Liena Qin scite author profile

Targeted protein degradation has generated excitement in chemical biology and drug discovery throughout academia and industry. By hijacking the machinery responsible for protein degradation via the ubiquitin proteasome system (UPS), various cellular targets have been selectively degraded. However, since the tools used, often termed PROteolysis TArgeting Chimeras (PROTACs), hijack the intracellular quality control machinery, this technology can only access targets within the cell.
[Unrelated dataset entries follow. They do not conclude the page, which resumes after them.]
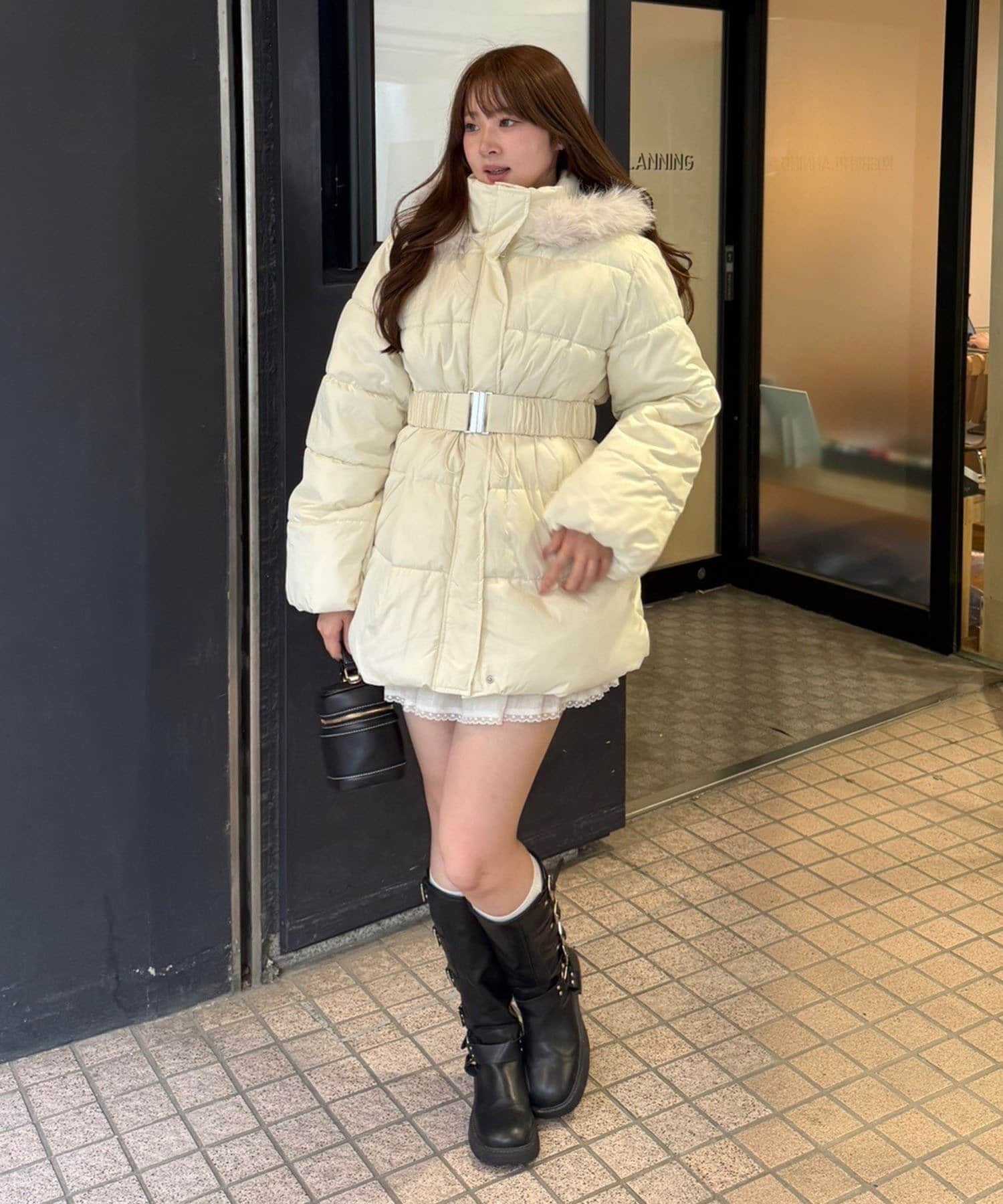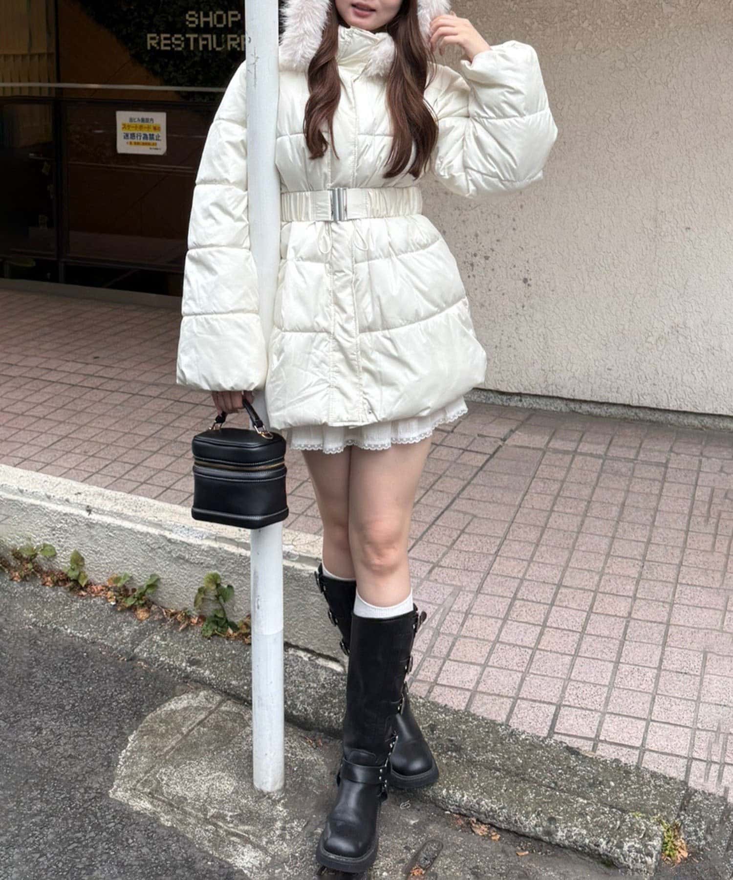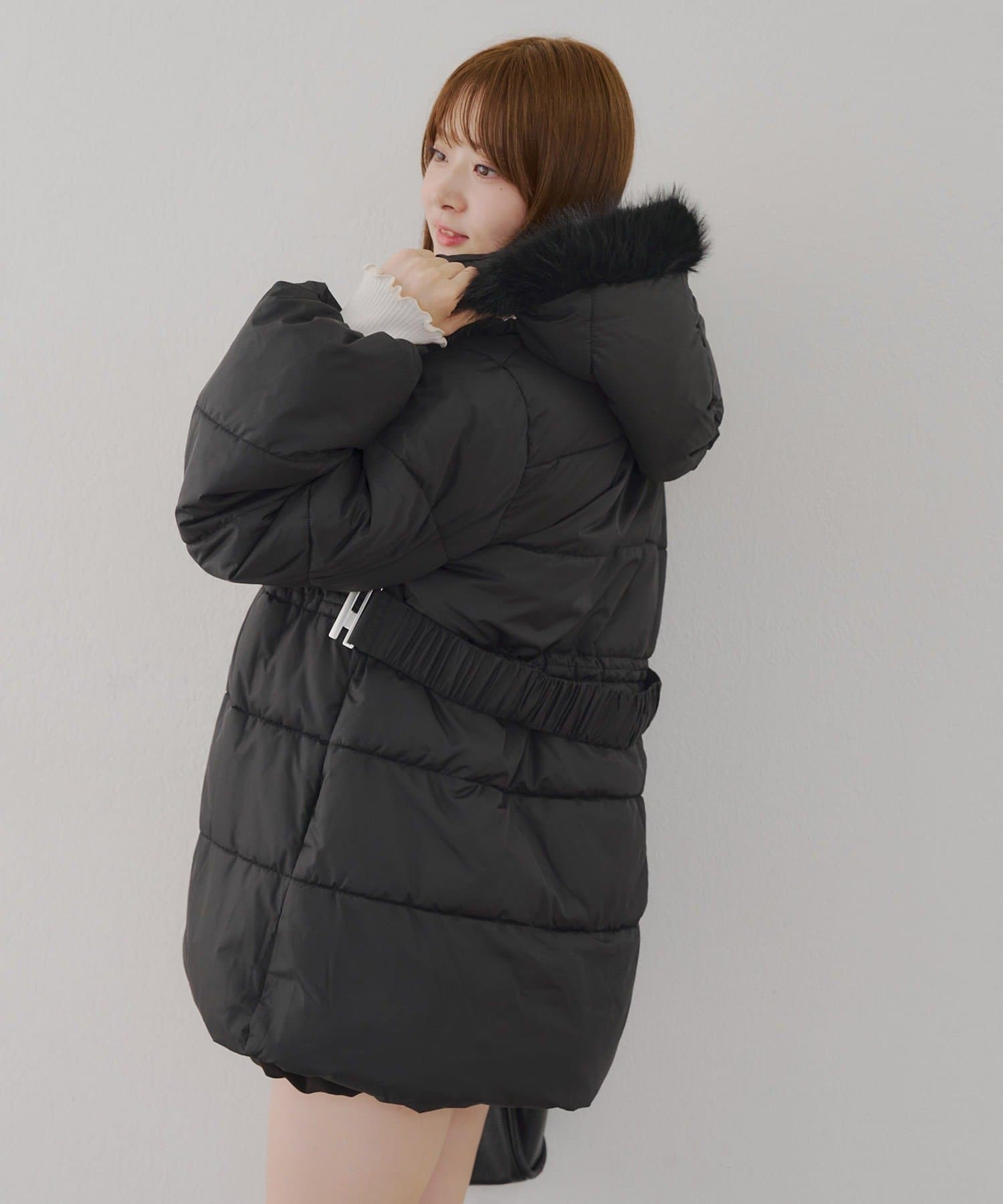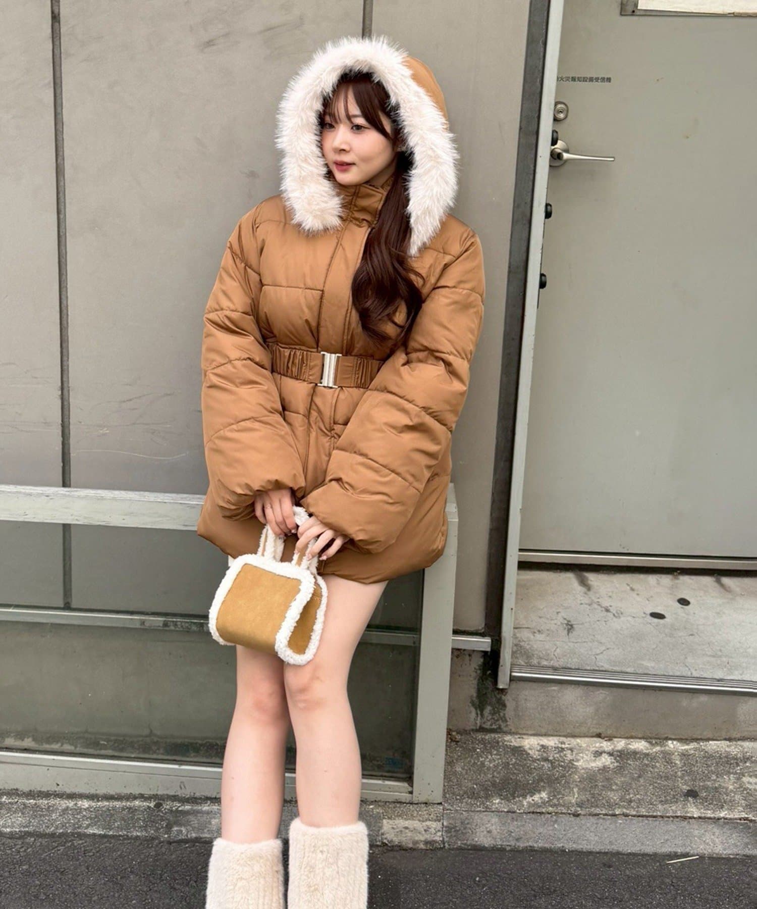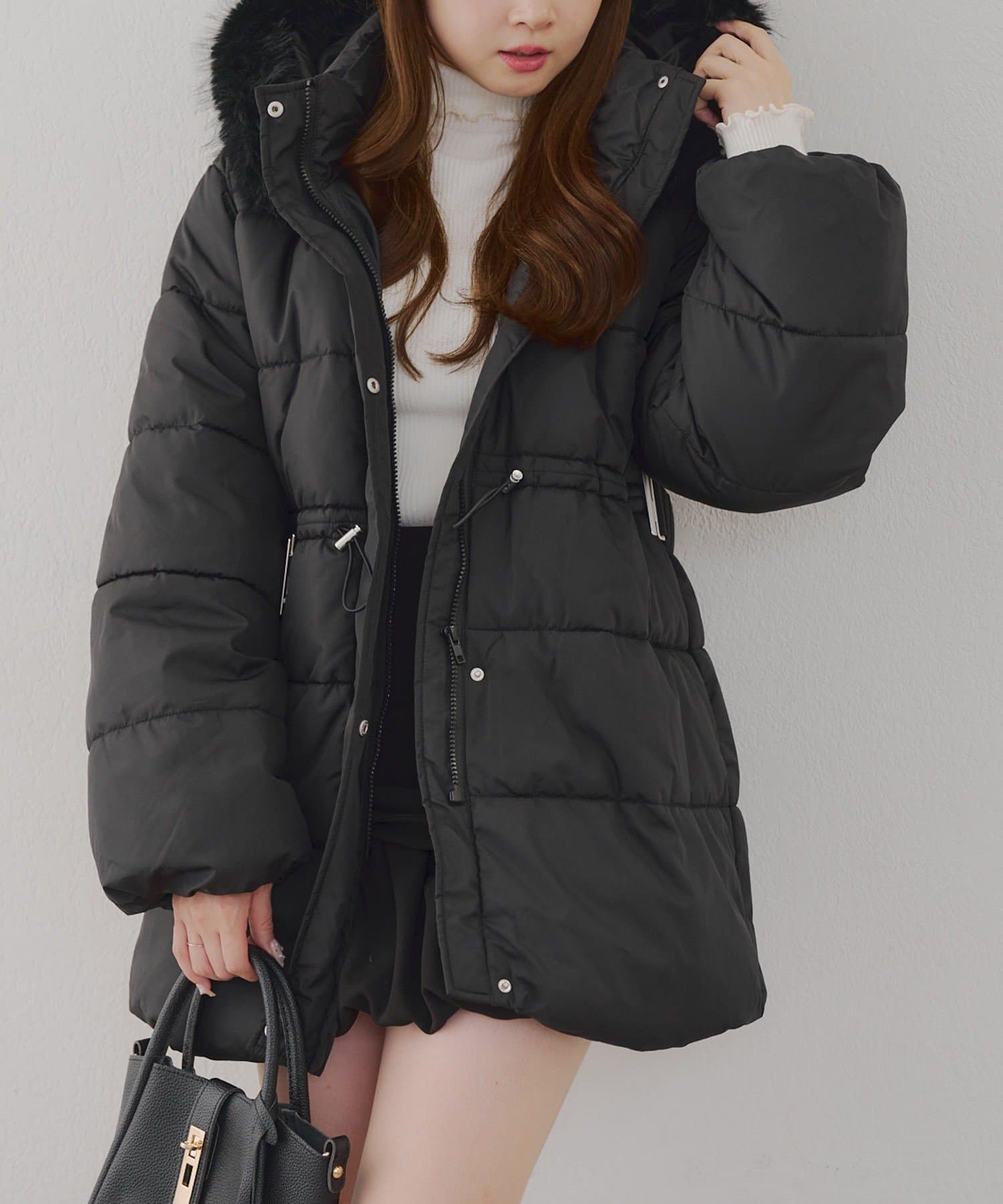 ・暖かさと可愛さを両立する、ベルト付き中綿コート。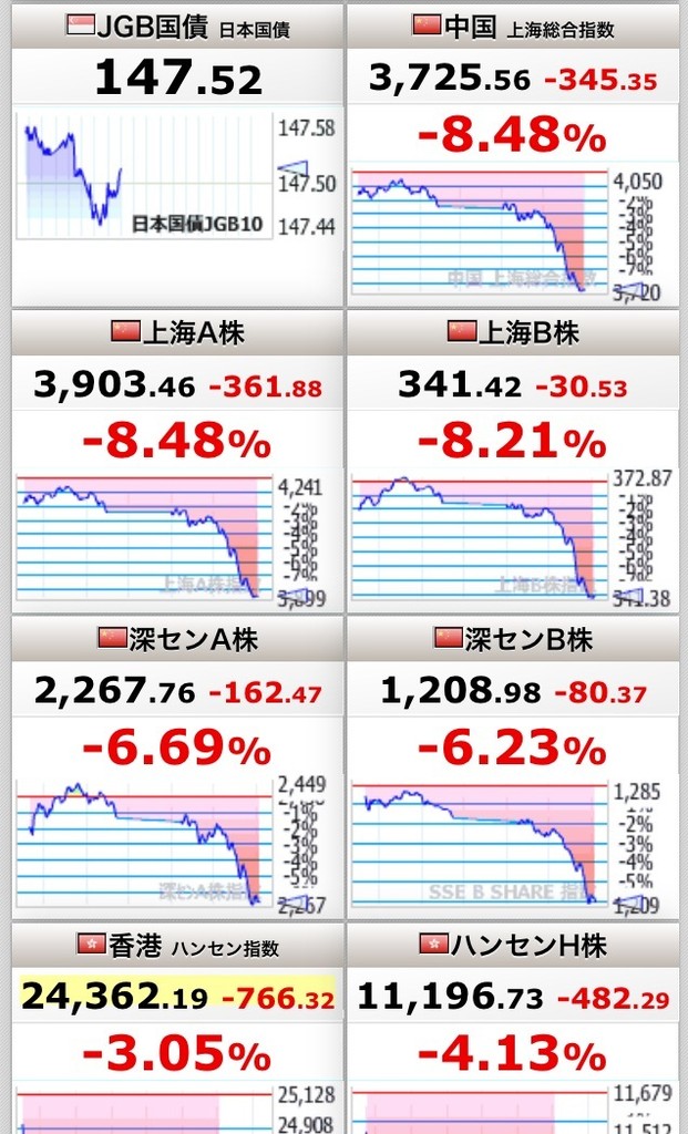 【緊急速報】中国株・上海総合指数が超絶大暴落中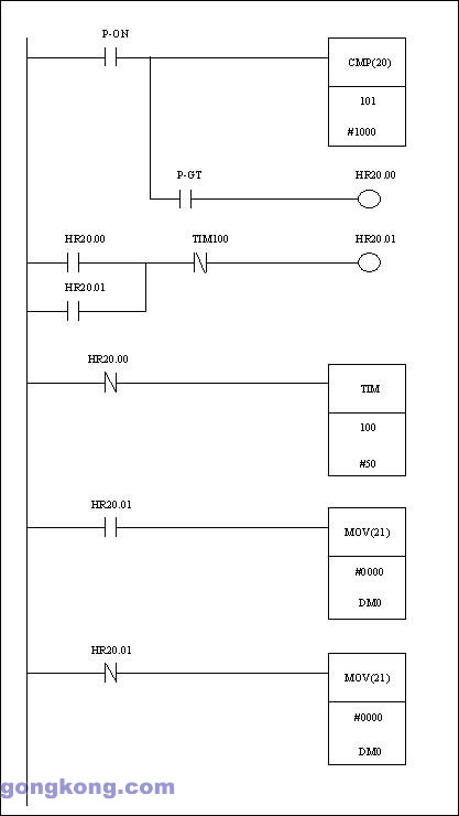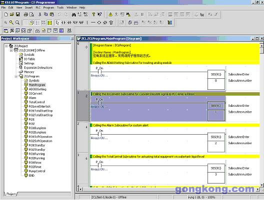 對于OMRON PLC C200HE控制器的編程軟件CX-Programmer來說,通過簡單的指令既可以實現子程序調用。例如: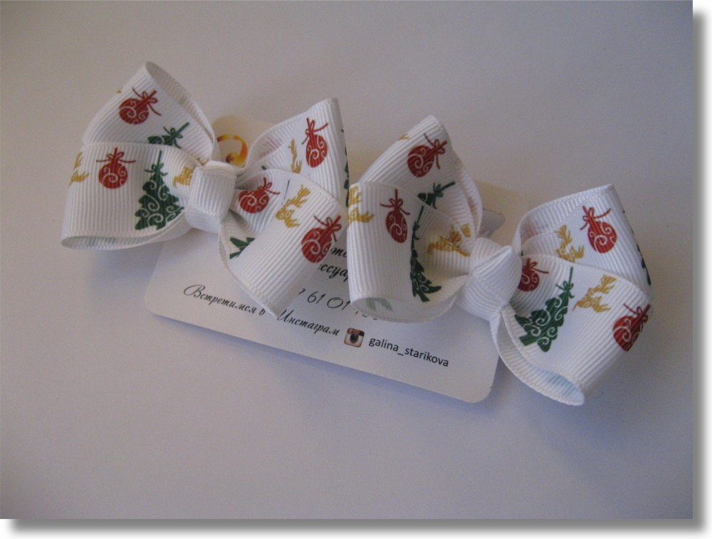 Обратите внимание: ручная работа — в связи с этим возможно незначительное изменение размещения рисунка на бантике.
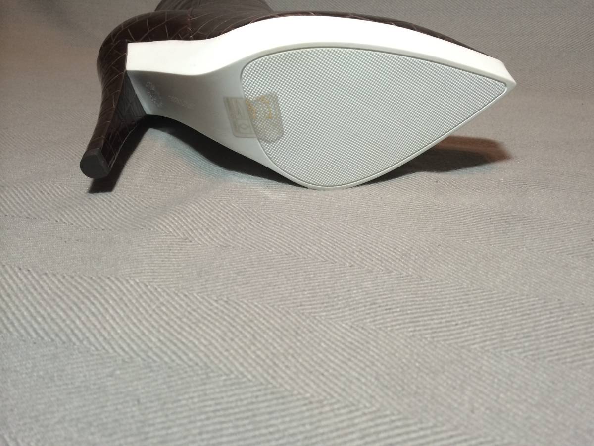 実寸で履き口の筒回り約26.3cm、地面から履き口までの高さ約27cm、幅の1番広い所で約7cm、ヒールは約14cmですが、つま先側ソールが約3cm弱ですので、実質約11cmになります。

Extracellular targets such as growth factors, cytokines, and chemokines bind to cell surface receptors, often initiating aberrant signaling in multiple diseases such as cancer and inflammation. However, efforts to develop small molecule inhibitors for these extracellular target proteins have been challenging. Herein, we developed a proof-of-concept approach to evaluate if extracellular proteins can be internalized and degraded via the receptor-mediated endolysosomal pathway. Using a heterodimeric molecule, termed “ENDosome TArgeting Chimera” (ENDTAC), internalization and degradation of an extracellular recombinant eGFP-HT7 fusion protein was achieved by hijacking the decoy GPCR receptor, CXCR7. This proof-of-concept study suggests that using ENDTACs to co-opt the endosomal–lysosomal degradation pathway, in contrast to PROTACs using the UPS, may provide an avenue for degrading extracellular targets such as cytokines. Overall, the technology described herein provides a novel expansion to the field of targeted protein degradation.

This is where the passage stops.